El problema ocurre cuando ese llanto se vuelve inconsolable y se prolonga a lo largo de los días. Son los llamados cólicos de lactante, un trastorno que, aunque benigno, puede poner a prueba la paciencia del padre más sereno.


Los cólicos se caracterizan por el llanto excesivo, repentino e incontrolable durante largos periodos de tiempo, especialmente por la tarde-noche.


Para identificarlos se suele seguir la regla de los 3 de Wessel: Ocurren durante los 3 primeros meses del bebé, y suelen durar alrededor de 3 horas con frecuencia de 3 días a la semana.

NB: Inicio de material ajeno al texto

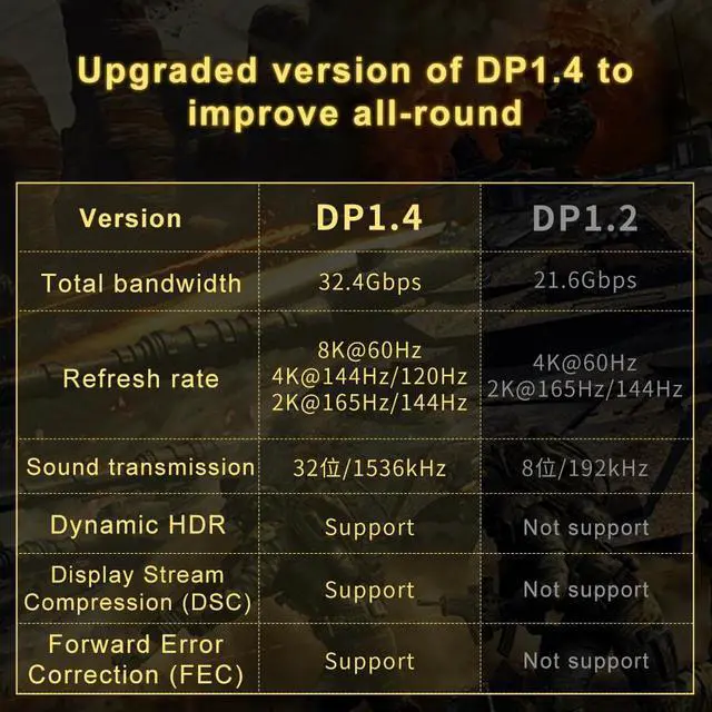 The Displayport 1.4 Fiber Optic Cable can provide higher bandwidth, HBR3 supports 32.4 Gbps of bandwidth, Display Stream Compression 1.2 (DSC). High refresh rate and high resolution, Maximize the performance of your graphics card and monitor, to allows you clearly perceive the movement of enemy, No motion blur, screen tearing or flickering. Dynamic HDR can optimize the game's dark picture and enhance the details, especially in FPS and 3A masterpieces.
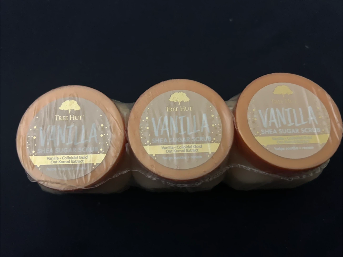 3 pack Brand new, unopened: Tree Hut Vanilla Shea Sugar Scrub in a convenient 3-pack. Made with shea butter, sugar, and vanilla extract. Helps soothe and renew skin.
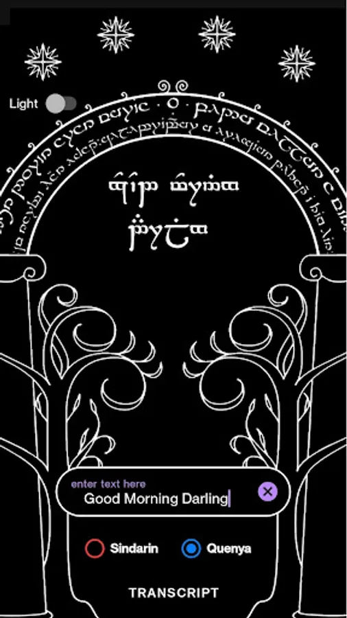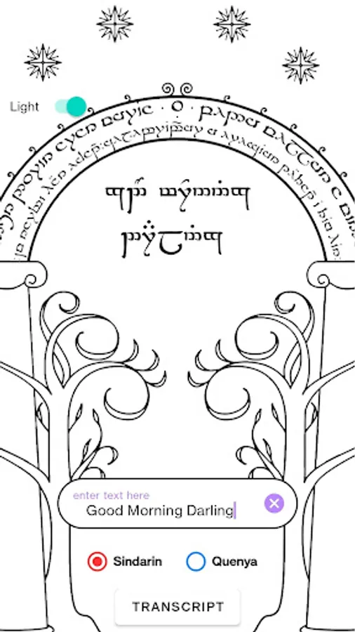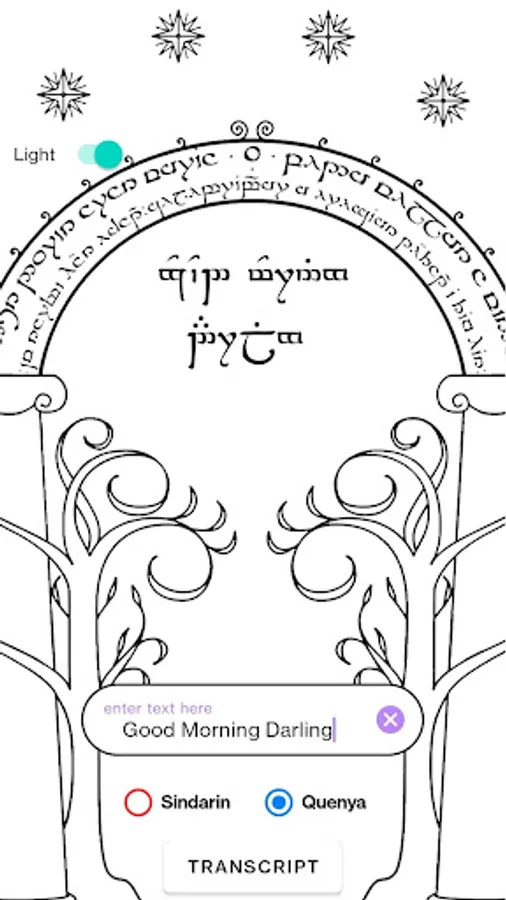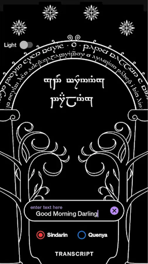In this app you can write what you want and transcribe it into two Tengwar modes:
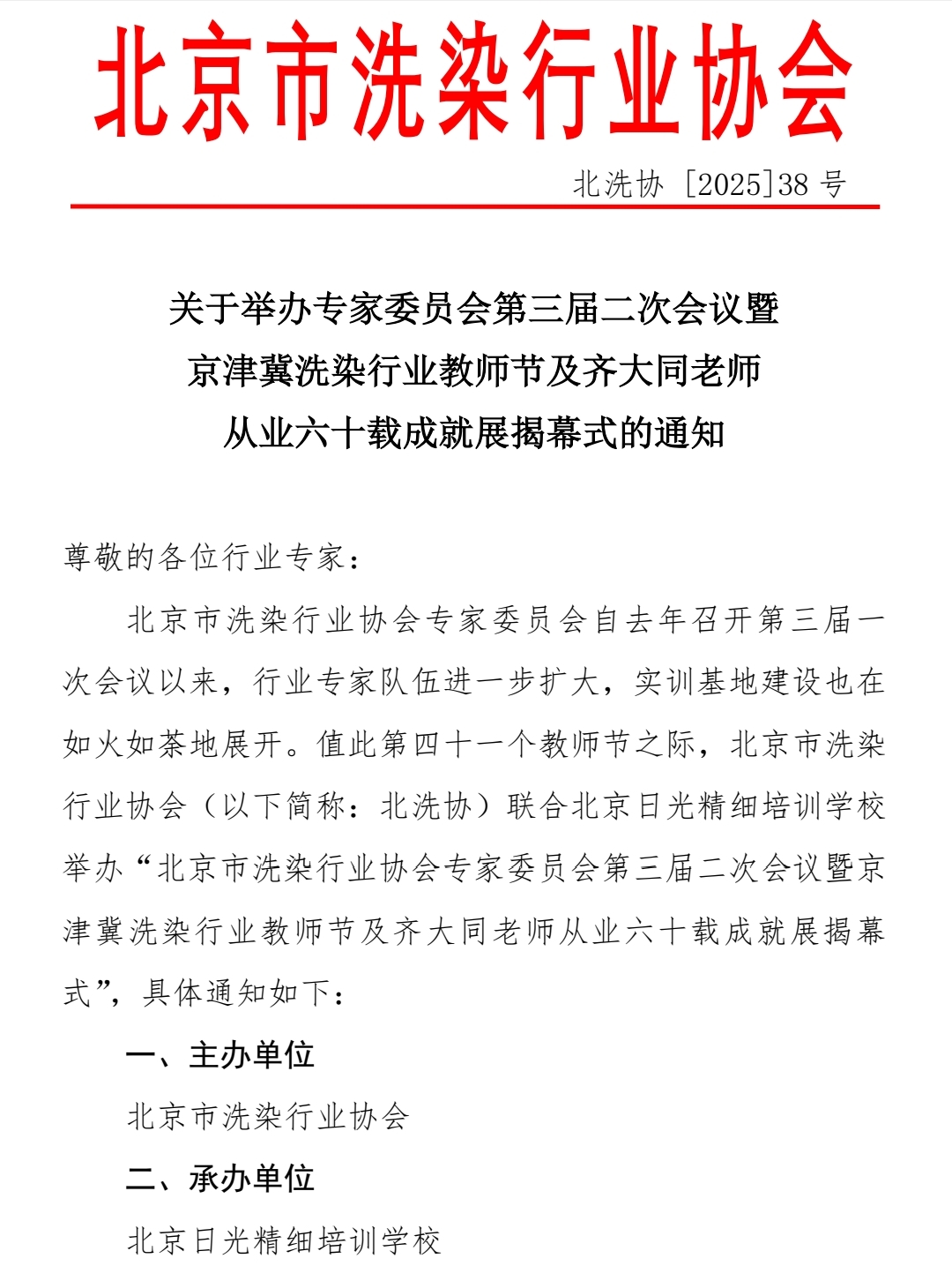 关于举办专家委员会第三届二次会议暨京津冀洗染行业教师节及齐大同老师从业六十载成就展揭幕式的通知2025年09月08日
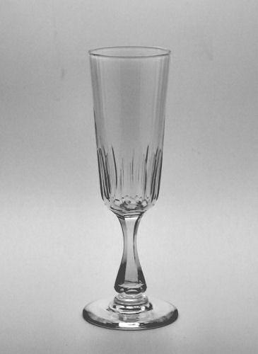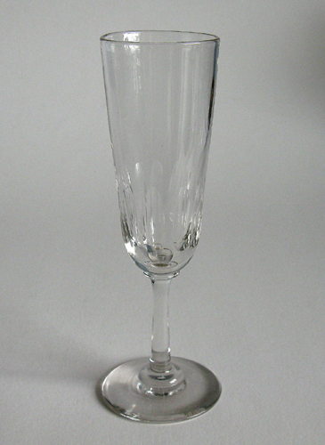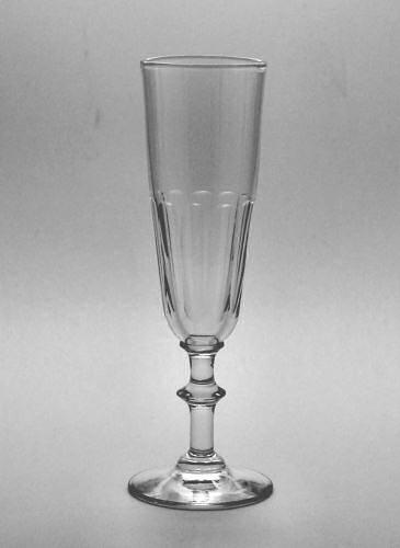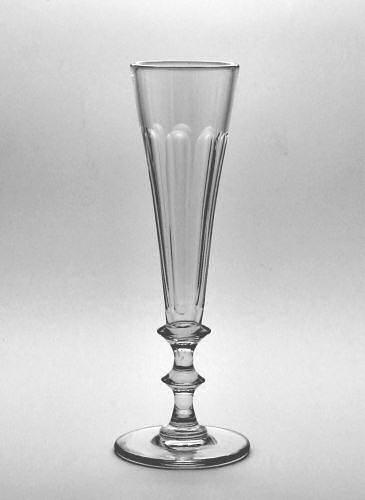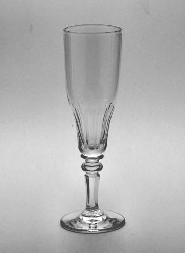 Champagnefløjte, egentlig del af servicet "Berlinois". Rundbundet, halvfacetslebet kumme på stilk med knap på flad fod. Udbydes første gang af Holmegaard i 1867, endnu i katalog i 1930erne. Produceret på alle danske værker; de enkelte værkers glas kan ikke skelnes fra hinanden.
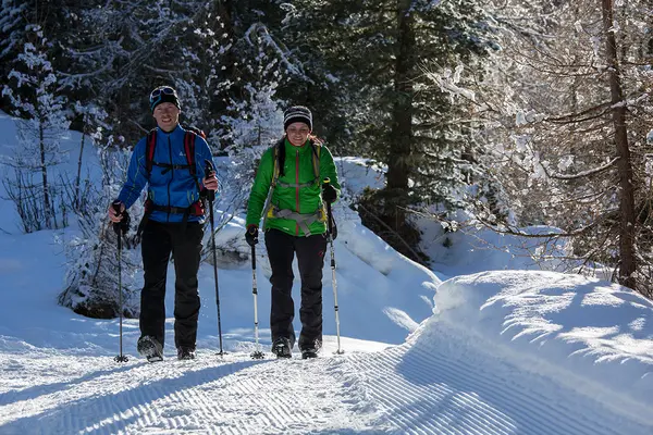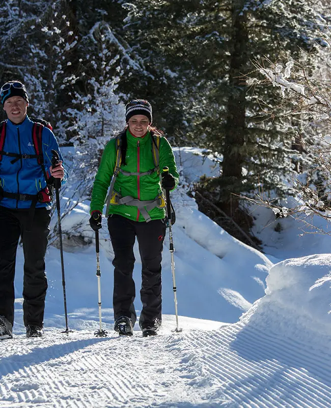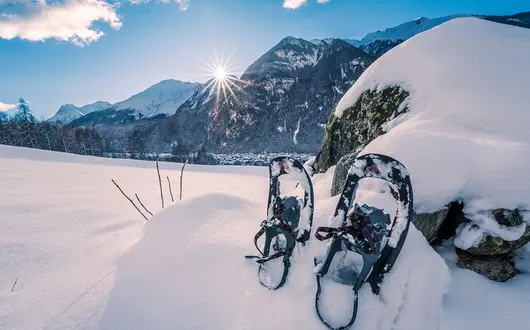 - Hochwertige Schneeschuhe und Stöcke im Gratisverleih
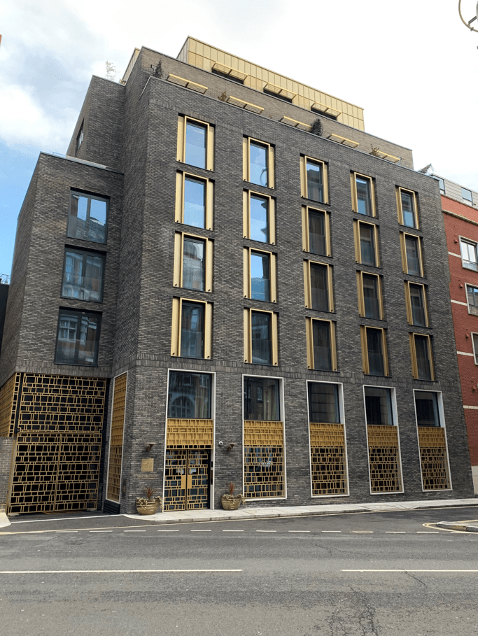 The external elevations are built from handmade imperial sized bricks to match the surrounding heritage buildings. The gold screens provide privacy to the hotel reception and bedrooms which also provide an interesting contrast with the dark brickwork.
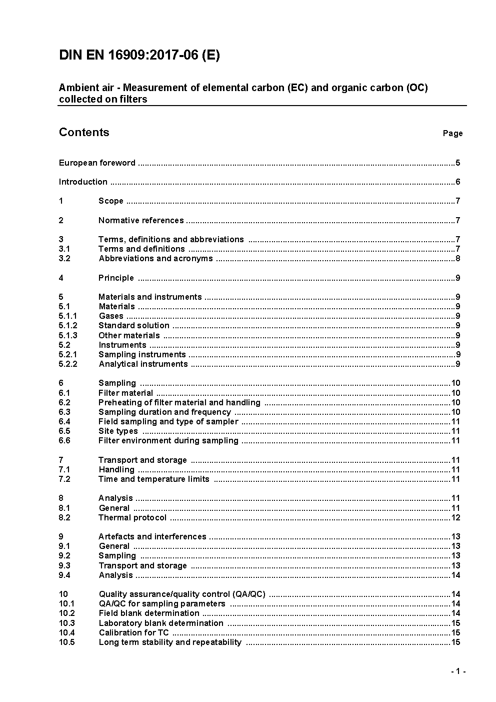 Ambient air - Measurement of elemental carbon (EC) and organic carbon (OC) collected on filters; German version EN 16909:2017
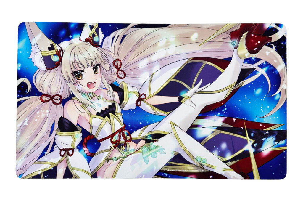 『均等な厚みでしっかりとした作りのラバーマットです。一般的なカードゲーム用と同じサイズなので十分なスペースがあります。印刷はとても発色がよく鮮やかで、表面はサテン状ですべすべ。カードゲーム用のプレイマットだけでなくパソコン周辺のデスクマットとしても優秀です。個包装済みでの納品も助かりました。』
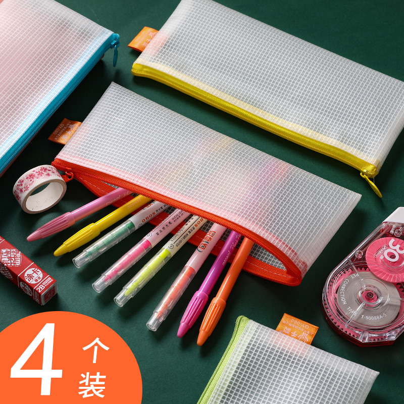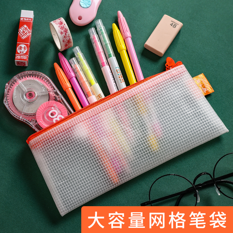 透明笔袋简约ins男女大容量网格网纱袋透明笔袋考试专用初高中生小清新铅笔袋可爱韩版少女心拉链文具袋笔盒
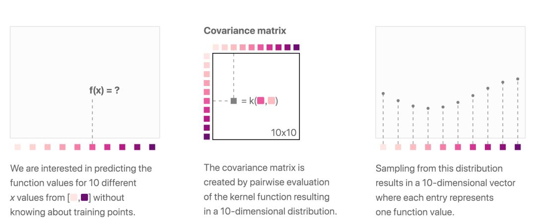 我们将测试点两两配对,在这个函数上求值以获取协方差矩阵,这个步骤在下图中也有所显示。为了对核函数的作用有一个更直观的理解,我们可以想一想协方差矩阵中元素描述的是什么。Σ_ij 描述的是第 i 个点和第 j 个点之间的相互影响,这和多元高斯分布的定义一致。在多元高斯分布的定义中,Σ_ij 定义了第 i 个随机变量和第 j 个随机变量之间的相关性。由于核函数描述的是函数值之间的相似度,它便控制了这个拟合函数可能拥有的形状。注意,当我们选择一个核函数时,我们要确保它生成的矩阵遵循协方差矩阵的属性。
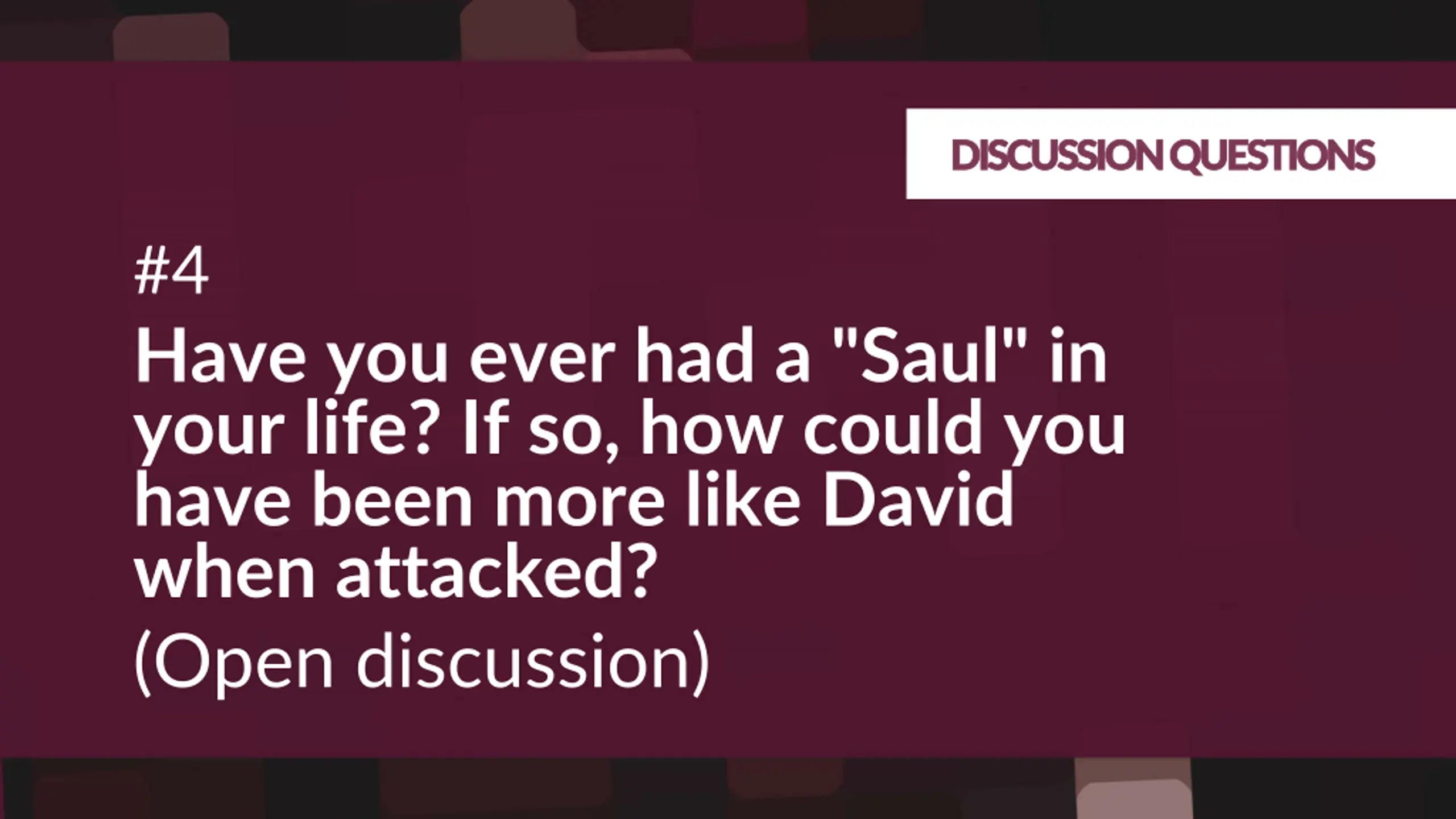 DISCUSSION QUESTIONS DISCUSSION QUESTIONS #4 Have you ever had a "Saul" in your life? If so, how could you have been more like David when attacked? (Open discussion)
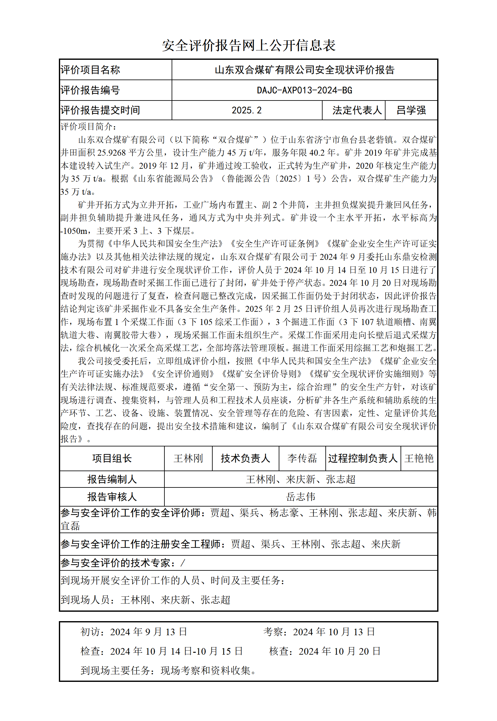 山東雙合煤礦有限公司安全現(xiàn)狀評價-網上公開信息
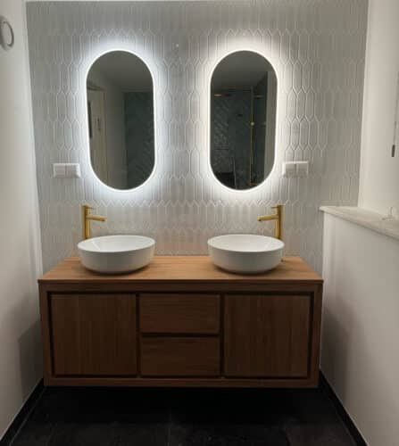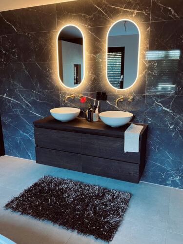 Daarnaast is deze ovalen spiegel voorzien van spiegelverwarming, zodat de spiegel niet beslaat na bv het douchen. Heeft u een dubbele wasbak? Denk dan eens aan 2 ovale spiegels naast elkaar!

El bebé se enfurruña, estira y encoge las piernas, frunce el ceño y pone expresión de dolor. Si no se le consuela el llanto va en aumento.


¿Por qué ocurren?


No se conoce a ciencia cierta qué causa exactamente los cólicos ni una fórmula definitiva para acabar con ellos, pero sí se sabe que una de las formas más eficaces de prevenirlos es manteniendo el contacto físico con el bebé. Por esta razón muchos expertos asocian los episodios de cólicos con el estrés que acumula el lactante durante el día o la ansiedad por la separación de su madre; asegurando que el llanto no es más que una demanda de contacto o protección. Estos autores constatan su teoría al afirmar que se trata de un trastorno relativamente nuevo y propio de los países occidentales en los que se deja muy a menudo al niño solo en la cuna. Y por el contrario es prácticamente desconocido en otras culturas donde la forma de criar a los niños es más primitiva (Asia, África, América Latina…) y los bebés permanecen en continuo contacto con sus madres, quienes permanecen junto a ellos y les portean durante todo el día.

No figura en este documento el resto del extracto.